In the intelligence of humans, we have encoded the kind of information that makes society stable, even in times of crisis. There is encoded information about how to get unstuck if you’re stuck. And AI systems can’t do those things because crises don’t happen enough for AI. Your genome tells the story of ten thousand droughts and how to survive them. The emotional and social data that humans are hard-wired for goes much deeper than AI could learn from any parent dataset. There is no repository of data for 10,000 crises of humankind.
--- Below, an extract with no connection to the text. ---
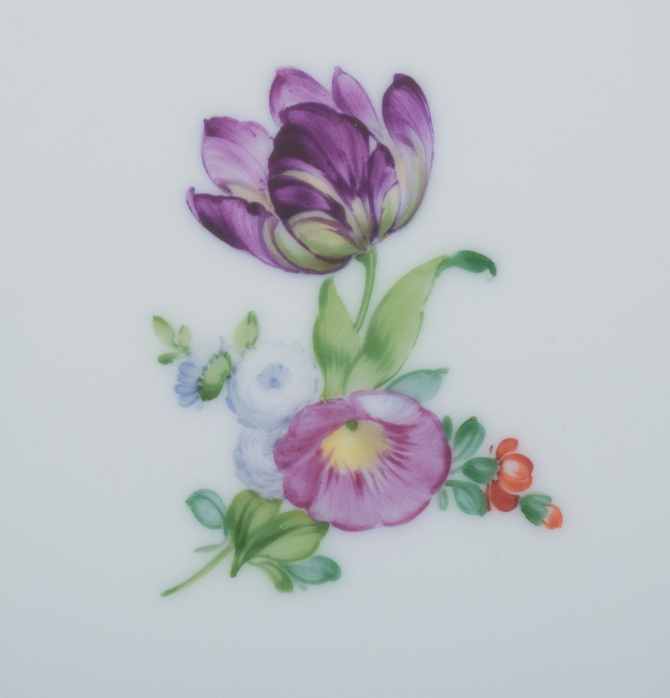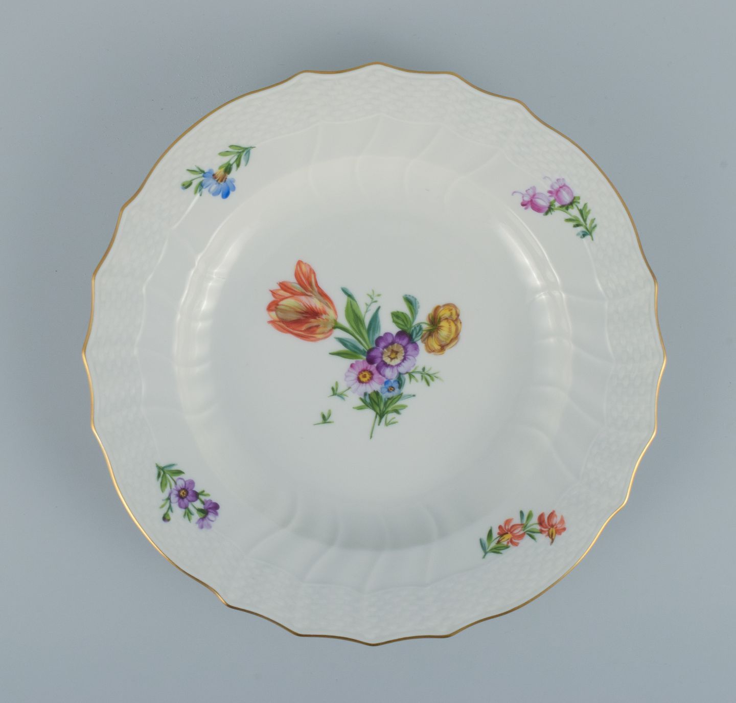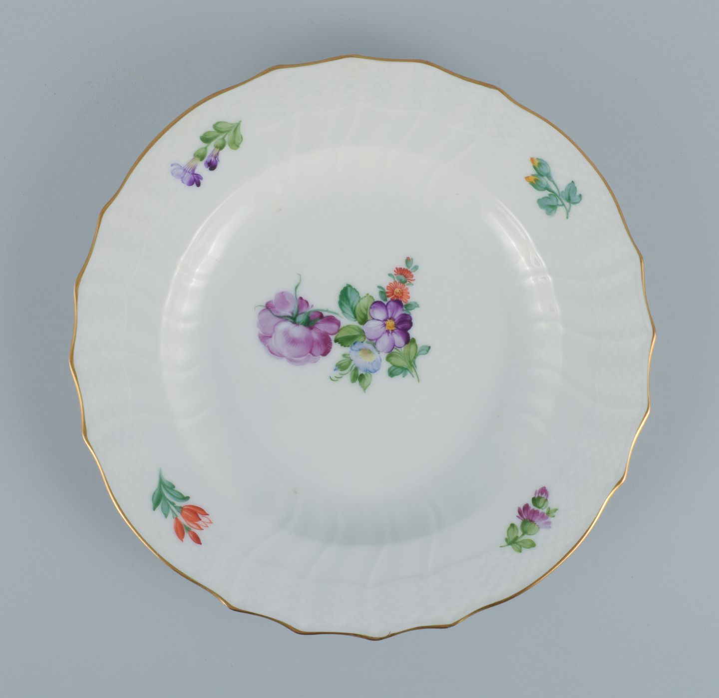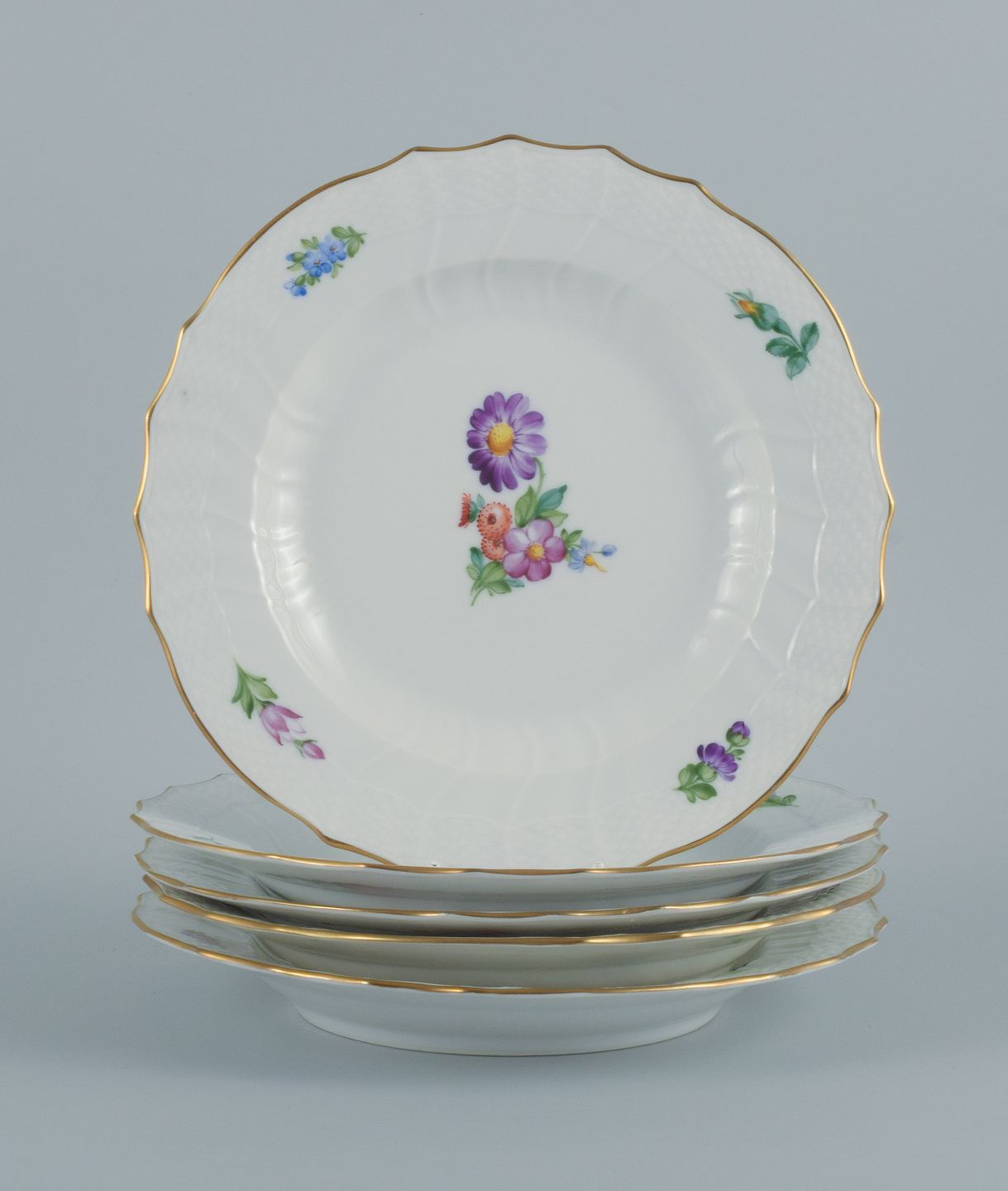 Royal Copenhagen Saksisk Blomst. Fem middagstallerkener i håndmalet porcelæn med blomster og gulddekoration. Modelnummer 493/1621. I flot stand. Stemplet. Anden sortering. Mål: D 25,5 cm.

Then again, there are lots of ways in which AI is already better than you and me and has been for a long time now. It multiplies numbers better and it finds books better and we don’t have any issue with that. So while some people feel that AGI is coming to make us obsolete, I think that instead, it will make the tedious parts of life obsolete.
What people need to understand about today’s AI systems is that they’re very good sidekicks. They’re just not good heroes.